On final day to apply, how FEMA helps people with communication barriers access flood aid

Crews contracted by the Environmental Protection Agency pick up flood debris in Pacific, Mo. in January 2016.
FEMA | provided
Crews contracted by the Environmental Protection Agency pick up flood debris in Pacific, Mo. in January 2016.

Monday is the last day Missourians affected by the mid-winter floods can apply for federal aid.

According to Federal Emergency Management Administration spokesperson, John Mills, FEMA teams have canvassed all the neighborhoods known to have been impacted by the floods and handed out application instructions in English and Spanish.

“They went door to door meeting with survivors. And part of their job is to identify language needs in those hard-hit communities,” said FEMA’s John Mills.

While going door to door, those teams found families that speak Spanish, Bosnian, Vietnamese, Russian, Nepali, Arabic, Somali and Korean.

Mills said some FEMA staff in Missouri can speak other languages, but translators who speak dozens more are available to help people apply for aid over the phone.

“That’s not to say people don’t understand and are not completely fluent in English, but if people are traumatized and affected by a disaster, sometimes disaster survivors are more comfortable communicating in their primary language,” Mills said.

To help people who are deaf or hard-of-hearing, FEMA staffed its Missouri disaster recovery centers with American Sign Language interpreters.

“The goal here is to provide equal access to information about disaster aid to everyone in impacted neighborhoods, including people with limited English proficiency. It’s about fairness, it’s about ethics and it’s about following the law,” Mills said.

The flooding Meramec River is taking a toll in Pacific.
Credit Carolina Hidalgo | St. Louis Public Radio
Houses flooded in Pacific, Mo. on Dec. 30, 2015.

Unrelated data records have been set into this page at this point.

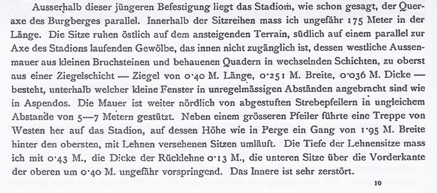 Already around 1890 the Austrian-Polish explorer Karl Graf Lanckoroński reported in his book "Städte Pamphyliens und Pisidiens" Volume 1, on page 73, that the interior of the stadium was heavily destroyed. At that time, the state of preservation was apparently even more significant.
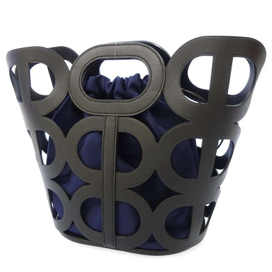 HERMES Chaine d'Ancre Black/blue Madame Calf Leather ・Silk
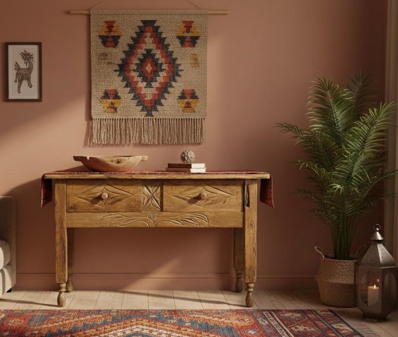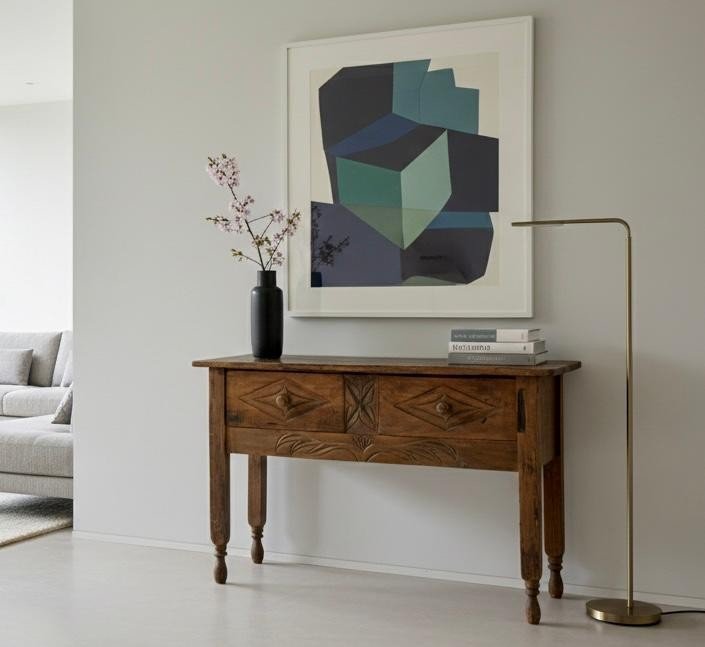 Esta consola destaca por su robustez y su diseño lleno de detalles. Fabricada en madera recuperada, presenta un acabado natural que resalta las imperfecciones propias del material, convirtiendo este mueble en una pieza única. Su frontal trabajado con relieves geométricos y florales la sitúa como el centro de atención de cualquier estancia.

Catholic Charities recruited Spanish speakers to help at the multi-agency resource centers set up right after the floods, but Karen Wallensak of Catholic Charities said the speakers didn’t report helping anyone.

“We do believe there are some Latinos affected by the disaster, but many are undocumented and would not qualify for FEMA support anyway. Nor would they risk revealing themselves to government authorities,” said Wallensak in an email.

According to FEMA's Mills it is possible for households with undocumented immigrants to qualify for aid.

“Someone in the household will be asked to provide a social security number. So, if a child has a social security number that household may register for FEMA assistance using the social security number of a documented child,” Mills said.

So far FEMA has helped Missourians receive more than $75 million in aid. More than $50 million of that aid comes from National Flood Insurance payments.

Statewide more than 2,200 households have received individual assistance from FEMA. About 1,400 of those households are in the St. Louis area. More than two-thirds of the individual assistance funds distributed in Missouri went to St. Louisans. Jefferson County received the most, about $4 million in individual assistance aid.

The deadline for Missourians to apply for aid is midnight online. Phone applications are accepted at 800-621-3362 until 10 p.m. Those who are hard of hearing can use TTY (text telephone) by calling 800-462-7585. Video Relay Service is available at 800-621-3362.